It is well known that, given a Banach space $Y$ and its dual $Y^*,$ a subset $G$ of $Y^*$ is $w^*-$compact iff is $w^*-$closed and norm- bounded.
Could you show an example of a normed space $Y$ and a $w^*-$compact set $G\subseteq Y^*$ such that $G$ is unbounded in the dual norm? Of course, $Y$ cannot be Banach.
Take $Y = \ell_0 (\Bbb{N})$ to be the space of all finitely supported sequences, equipped with the $\ell^\infty$-norm.
Take $\varphi_N : Y \to \Bbb{C}, (x_n)_n \mapsto N \cdot x_N$. It is easy to see $\varphi_N (x) \to 0$ for each fixed $x \in Y$ (in fact, $\varphi_N (x) = 0$ for $N \geq N(x)$ large enough).
But since $x_N = \delta_N \in Y$ with $\|x_N\|_{\ell^\infty} = 1$, we have $\|\varphi_N\| \geq |\varphi_N (x_N)| = N$, so that the set $G := \{\varphi_N : N \in \Bbb{N}\} \cup \{0\}$ is not bounded.

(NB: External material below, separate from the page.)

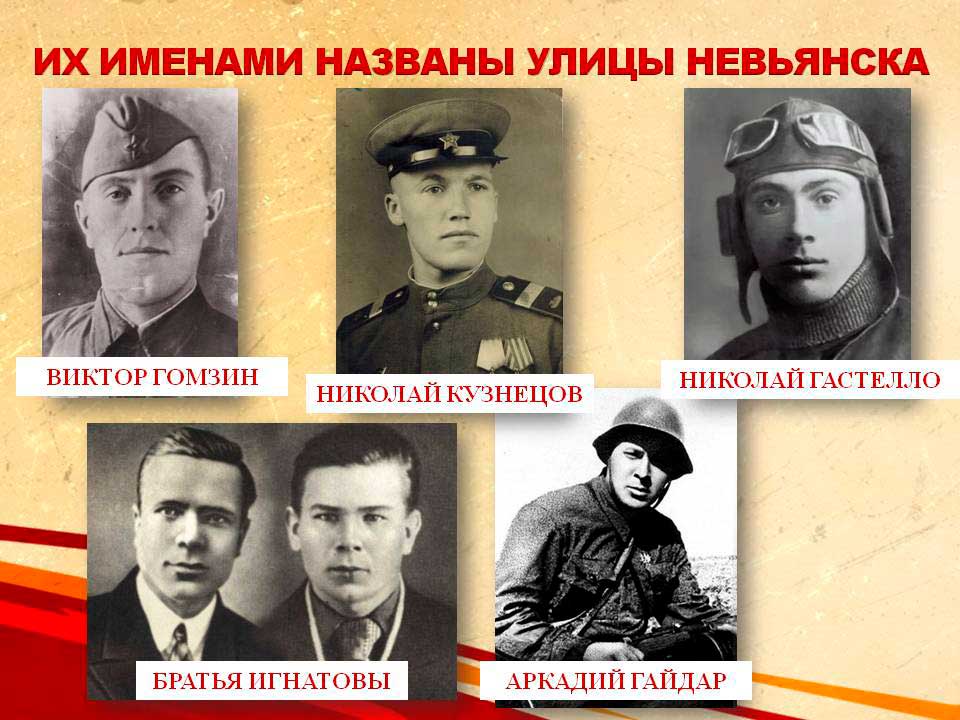![]() В 2026 году - 325 лет со дня основания г.Невьянска. В городе насчитывается около 150 улиц, и каждая носит свое имя, у каждой своя судьба, свое рождение. Часто бывает, что прогуливаясь по улицам, даже не знаешь, кем и какими были люди, в честь которых названы те или иные улицы Невьянска. В советское время 5 улиц и переулков были названы или переименованы в честь участников Великой Отечественной войны, погибших за Родину. В феврале 3 классы школ г.Невьянска на часе мужества «Их именами названы улицы» познакомились с биографией и подвигами участников Великой Отечественной войны и приняли участие в исторических играх. Улицы расположены в частном секторе – это улица братьев Игнатовых и улица Гомзина, переулок Кузнецова, переулок Гастелло и переулок Гайдара. Названия улиц помогают сохранить память о подвигах участников в годы войны. | |

Finally, since $\varphi_N \to 0$ in the weak-$\ast$-topology induced by $Y$, it is not hard to see that $G$ is indeed weak-$\ast$-compact. In fact, if $(U_i)_i$ is an open covering of $G$, then $0 \in U_i$ for some $i$. Since $\varphi_N \to 0$, this implies $\varphi_N \in U_i$ for all but finitely many $N$. From here, it is not hard to extract a finite subcover.